Competition: LAV-DF Multi-Modal Deepfake Manipulation Detection

Problem statement
You are given short videos where audio and/or visuals may have been locally manipulated. Your task is to build a model that, for each video, predicts two probabilities:
- p_video_fake: probability that the visual stream contains any localized manipulation
- p_audio_fake: probability that the audio stream contains any localized manipulation

Unlike standard deepfake detection, manipulations here may be brief and localized. Strong solutions typically exploit both modalities and temporal structure: e.g., frame-level facial artifacts, lip-sync inconsistencies, cross-modal alignment, spectral anomalies, and transient artifacts.

Data description
- train_videos/: MP4 files for training.
- test_videos/: MP4 files for testing (no labels provided).
- train.csv: one row per training video with columns:
  - video_id: the file name within train_videos/ (e.g., vid_000123.mp4)
  - label_video_fake: 1 if visuals were manipulated, else 0
  - label_audio_fake: 1 if audio was manipulated, else 0
- sample_submission.csv: submission template with columns [video_id, p_video_fake, p_audio_fake]

Notes
- Filenames are randomized and do not reveal labels or grouping.
- Videos originate from groups in which one “original” clip may have multiple manipulated derivatives.
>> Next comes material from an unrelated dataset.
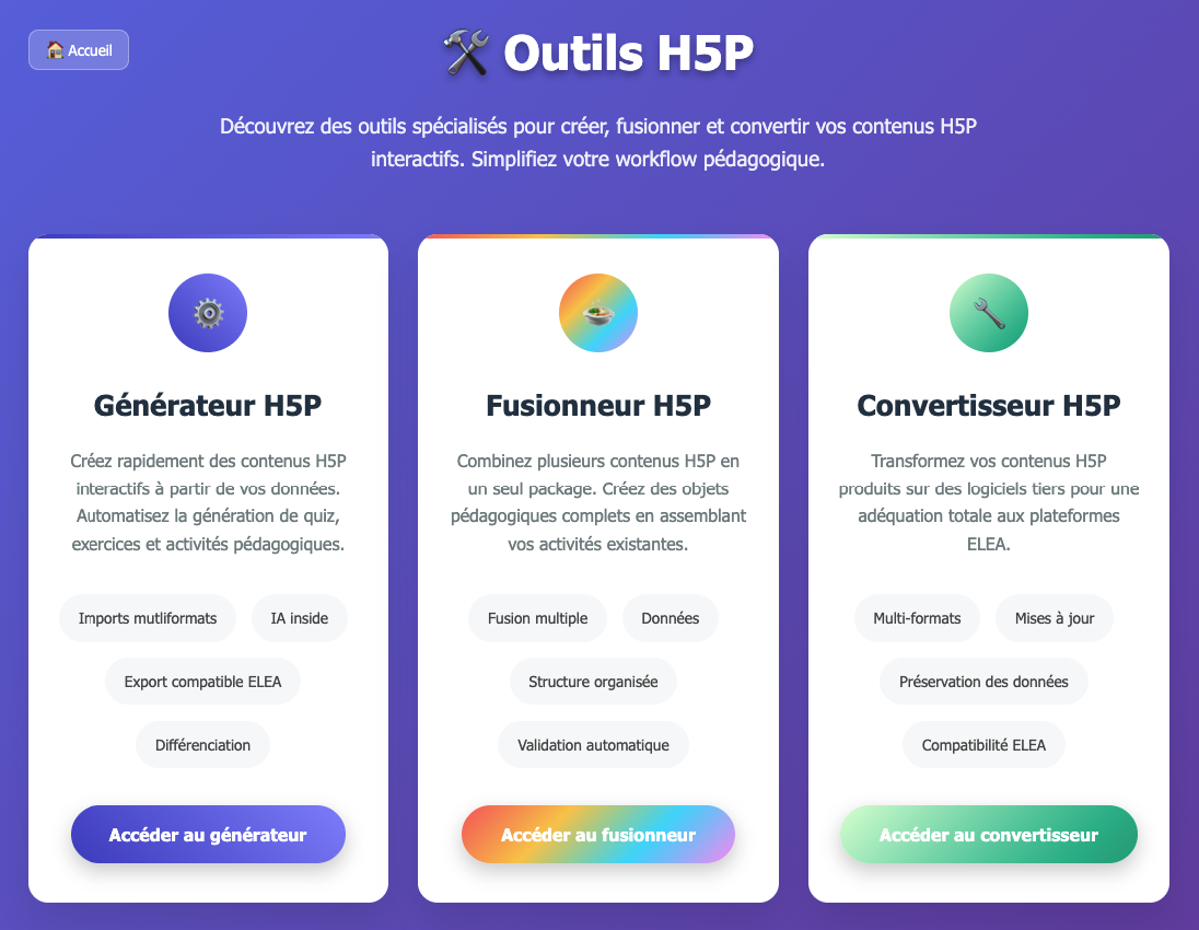 - un fusionneur de H5P, à qui l’on confie des H5P existants pour qu’il les combine et crée :
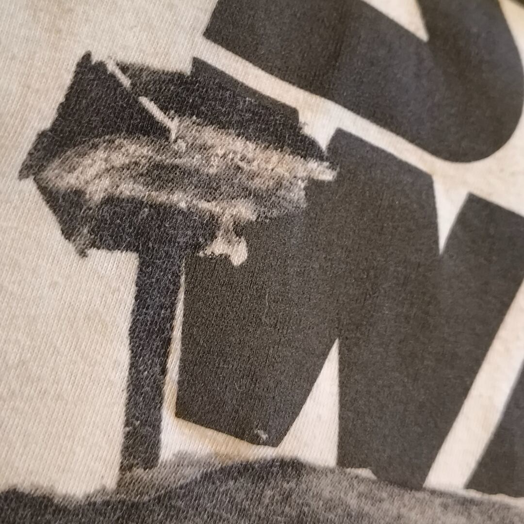 フランスの人気ファッションブランド「celio*(セリオ)」とSTAR WARS(スター・ウォーズ)の公式コラボTシャツです。伝説的賞金稼ぎ「ボバ・フェット」がフロントに大きくプリントされており、頭上にはフラッシュに反応する特殊素材の「STAR WARS」ロゴが施されたインパクトある1枚。グレー系の水墨画風グラフィックが渋く、ヴィンテージライクな風合いが特徴です。裾には「STAR WARS × CH YOU」のタグ付きで、細部までこだわりの詰まった仕上がりとなっています。シルエットはやや細めのMサイズ。目立つダメージとして、フロント・袖・バックに数ヶ所小さな穴があります(写真をご参照ください)。また、プリント部分の一部にヒビ・はがれがあります。古着にご理解のある方、USEDの味わいを楽しめる方におすすめです。

Group integrity is enforced across train/test, preventing leakage.
- Class balance is not uniform; expect both positive and negative examples for each label in the train and test sets.

Submission format
Submit a CSV with the following columns:
- video_id: the file name in test_videos/ (e.g., vid_000987.mp4)
- p_video_fake: predicted probability in [0, 1]
- p_audio_fake: predicted probability in [0, 1]

Evaluation
Mean Average Precision (mAP) across the two labels is used:
- For each label (video_fake and audio_fake), we compute Average Precision (AP) from the submitted probabilities and ground-truth binary labels.
- The final score is the mean of the two APs.
Implementation details:
- Predictions are clipped to [0, 1]. NaN/Inf are treated as invalid and will cause the submission to fail validation.
- If a label is degenerate in the test set (no positives or no negatives), the competition organizers guarantee the split avoids such cases; participants do not need to handle this.


Files to train with
- train_videos/
- train.csv

Files to predict on
- test_videos/
- sample_submission.csv (for structure only)

Metric sanity checks
- Probabilities must be within [0, 1].
- video_id keys must exactly match the test_videos/ filenames.

Good luck! This challenge is designed to reward robust, multimodal modeling and careful handling of localized manipulations.